Under the proposed policy, companies will be required to declare nutritional information on the front of the product package.

 

Photographer: Dhiraj Singh/Bloomberg

Fast moving consumer goods companies will appeal to food safety regulator FSSAI against its draft labelling policy that could affect nearly 70% of the packaged food available in the market, said a media report. Under the proposed policy, companies will be required to declare nutritional information on the front of the product package. Harmful ingredients such as saturated fat, trans-fat, added sugar and sodium per serve will find a mention on the front cover, which could result in higher repackaging costs.

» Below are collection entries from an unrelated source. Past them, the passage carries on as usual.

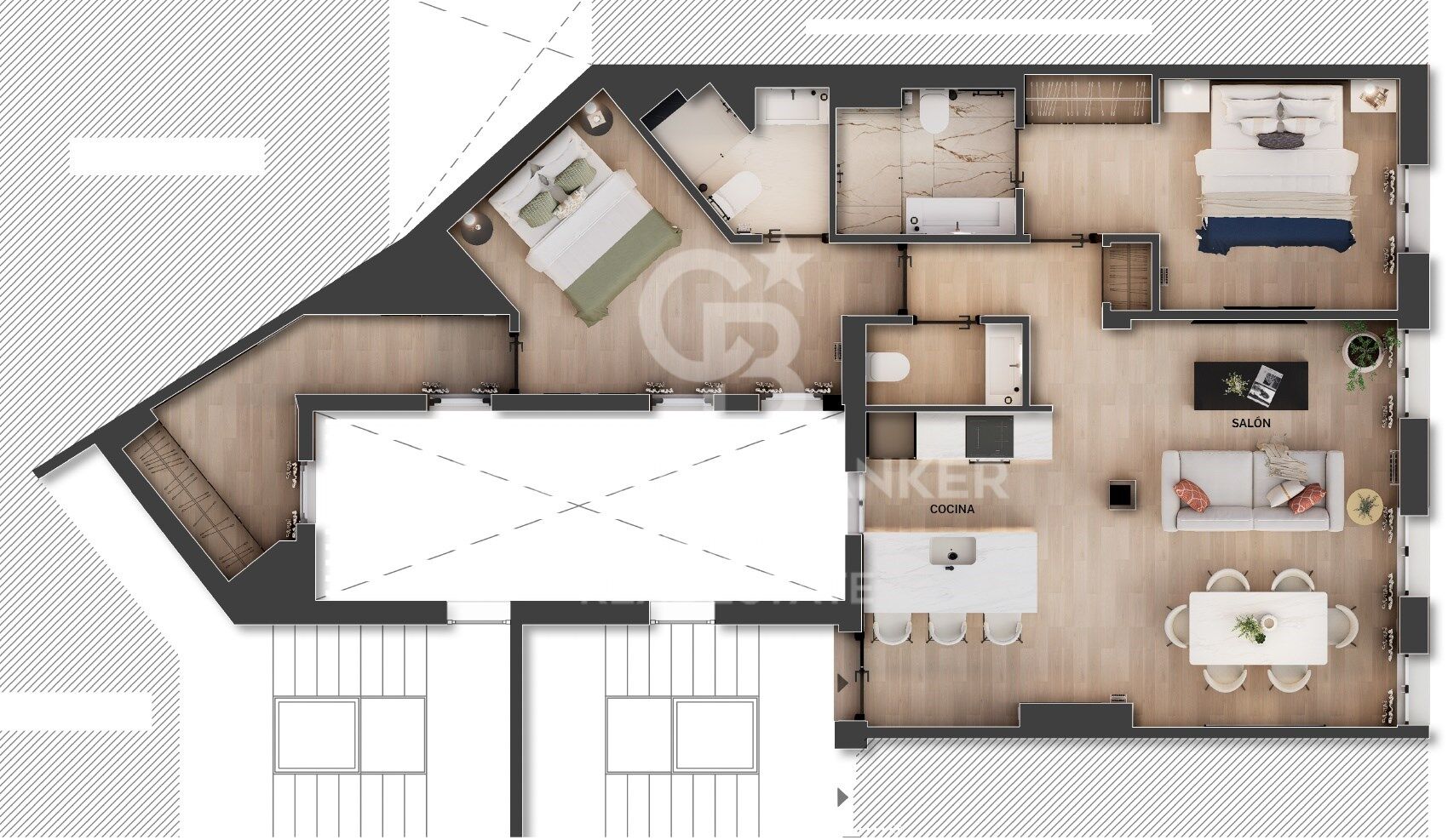 Der Schlafbereich umfasst zwei Schlafzimmer und zwei voll ausgestattete Badezimmer sowie ein zusätzliches Gäste-WC, das für zusätzliche Funktionalität sorgt.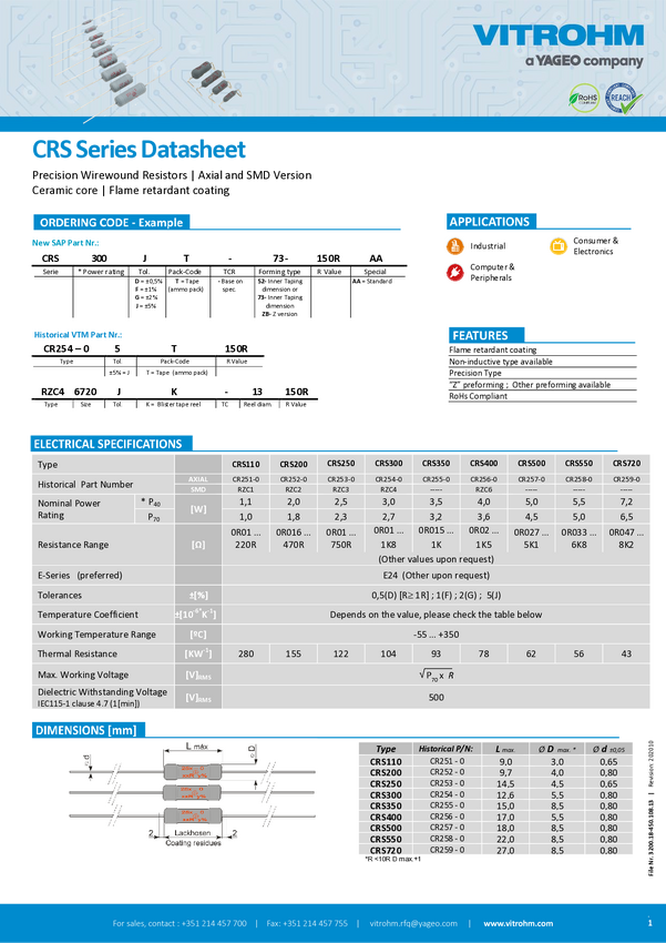 VitrOhm CRS300JT-73-8R2AA Rezystor drutowy 8.2 Ω THT 2.7 W 5 % 1 szt.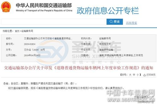 4月19日,交通運輸部印發(fā)《道路普通貨物運輸車輛網上年度審驗工作規(guī)范》(以下簡稱:《規(guī)范》),鼓勵道路貨物運輸經營者通過網上辦理普通貨運車輛年審。規(guī)范自2019年5月1日起施行,有效期為三年。

The FMCG companies plan to make a joint representation to the regulator, seeking a reassessment of the proposed policy. The companies are concerned that if the FSSAI policy is implemented, more than two-thirds of the packaged food available in the market will need to have a red code, CNBC-TV18 reported citing unidentified sources. The sources also said that this could mean that the companies will have to change the composition of existing and future products to avoid red coding. 

FMCG industry, which is the fourth largest contributor to the Indian economy and within it, food products is the leading segment accounting for over one-third of the total FMCG industry. Major players of the same include Hindustan Unilever, Dabur, Nestle, Amul, and Britannia. 

FSSAI’s draft labelling policy

The draft labelling policy also requires blocks of nutrients for “High Fat, Sugar and Salt (HFSS) food to be coloured red. FSSAI said that this will help consumers to make an informed choice. 

Among other features of the policy, the food watchdog has also laid out nutrient thresholds above which food will fall under the HFFS category and hence will be coded red. The draft regulations were issued several days ago and stakeholders were given 30 days for feedback on the same. 

The consumer goods companies have raised issues about the threshold being set to global levels which may or may not be relevant to the Indian dietary requirements, sources of the media house said, adding that the coding discriminates between packaged food and fresh food with the same level of FSS.

FMCG industry is not the only one in criticism of draft labelling policy. Earlier, the sugar industry had also termed it “a wrong move at the wrong time,” Prakash Naiknavare, managing director, National Federation of Cooperative Sugar Factories (NFCSF) said.